What to work on:
Nothing should appear in the answer except the lines from the one with "渋谷区笹塚にてエアコンの工事です。アクロバティックな作業しました。" through the end of the listing below, transcribed exactly and without pictures.

Provided material:
_ _ _ _ _ _ _

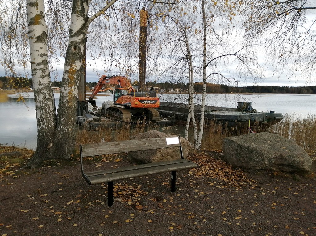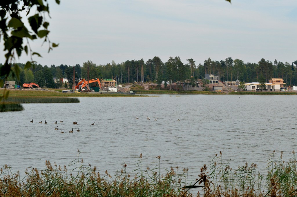 Där ute på Lovisaviken simmar gässen. De samlas i allt större flockar inför hösten och förbereder sin flytt söderut. Men den sker nog först senare i höst.
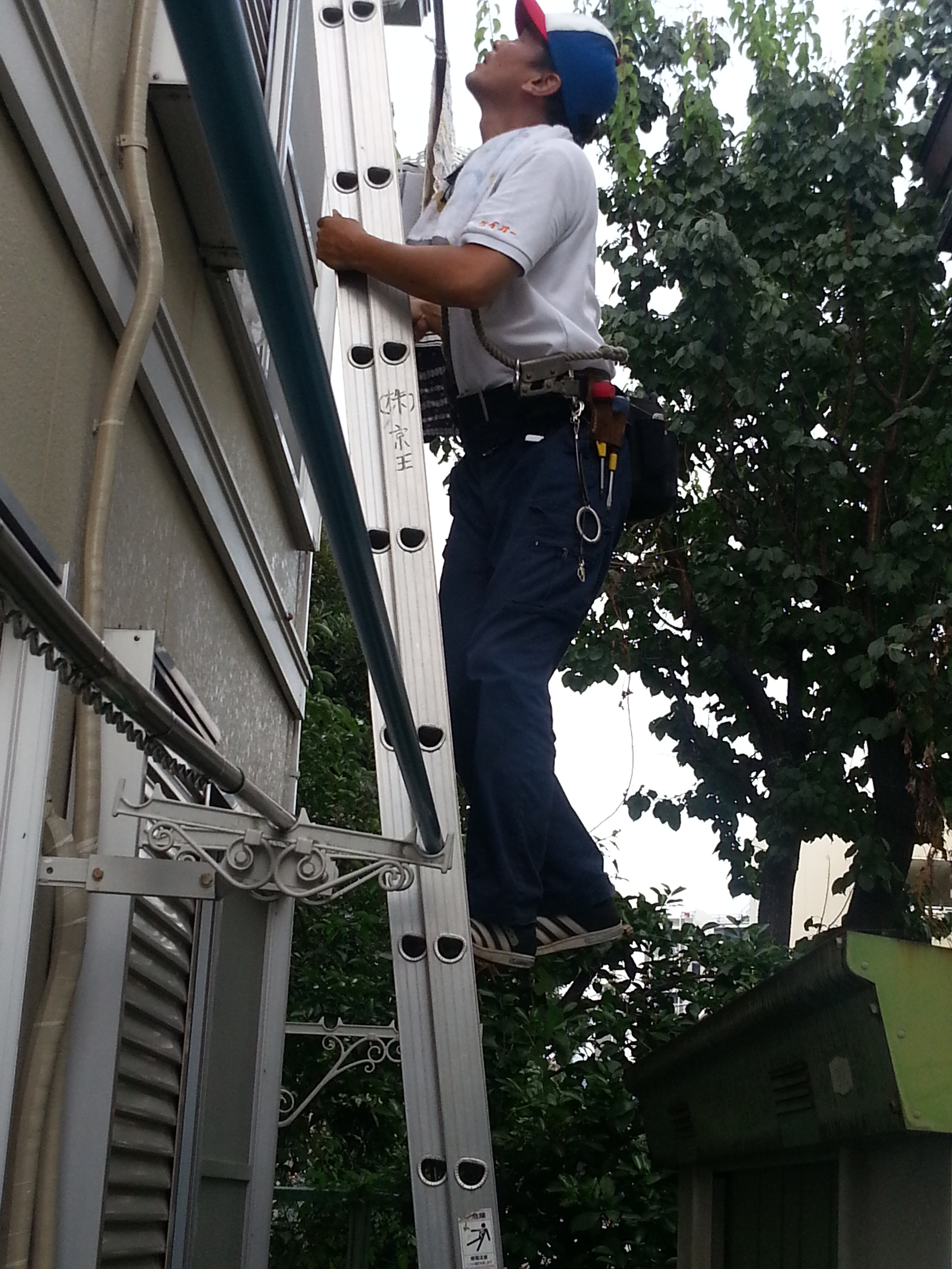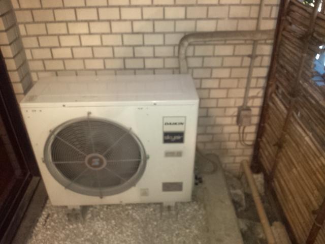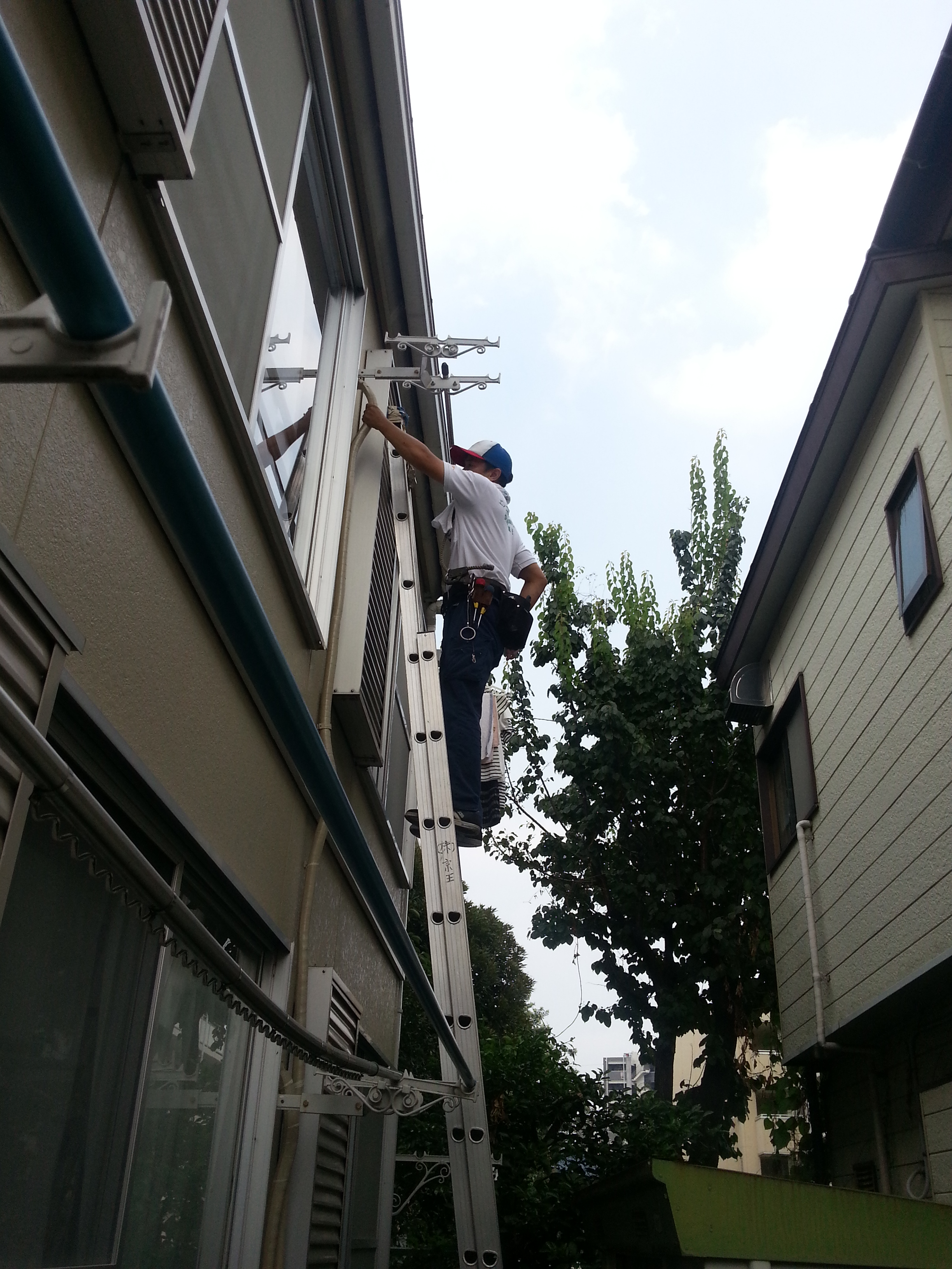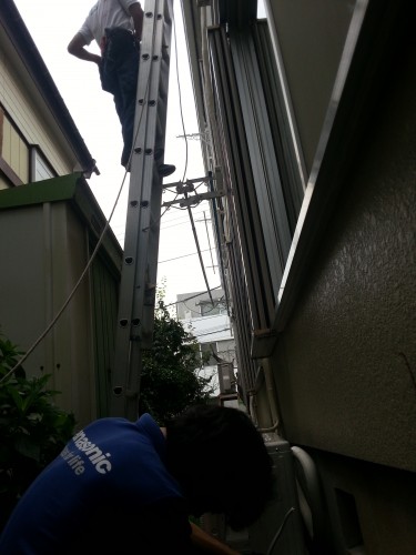 渋谷区笹塚にてエアコンの工事です。アクロバティックな作業しました。
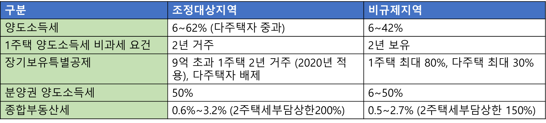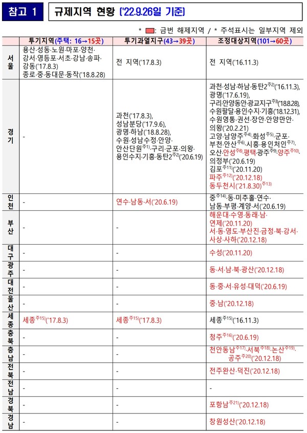 위 표를 보시면 투기지역, 투기과열지구, 조정대상지역이 나와있습니다. 이들의 차이는 다음에 설명토록 하겠습니다. 오늘은 간단히 투기지역, 투기과열지구, 조정대상지역 모두 조정대상지역이라고 생각하시고 보면 보기 편하실 것 같습니다.
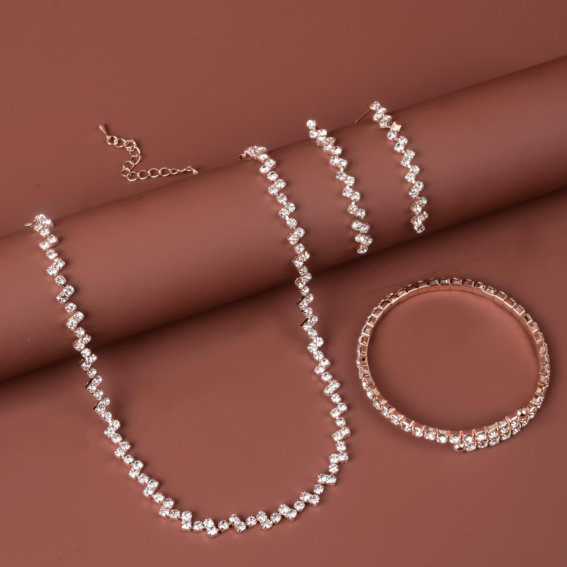 | Collar de diamantes de imitación romanos de gran venta transfronteriza para mujeres, joyería para fiesta de bodas, joyería de novia de dos piezas al por mayor |

_ _ _ _ _ _ _

Response area:
 渋谷区笹塚にてエアコンの工事です。アクロバティックな作業しました。
 위 표를 보시면 투기지역, 투기과열지구, 조정대상지역이 나와있습니다. 이들의 차이는 다음에 설명토록 하겠습니다. 오늘은 간단히 투기지역, 투기과열지구, 조정대상지역 모두 조정대상지역이라고 생각하시고 보면 보기 편하실 것 같습니다.
 | Collar de diamantes de imitación romanos de gran venta transfronteriza para mujeres, joyería para fiesta de bodas, joyería de novia de dos piezas al por mayor |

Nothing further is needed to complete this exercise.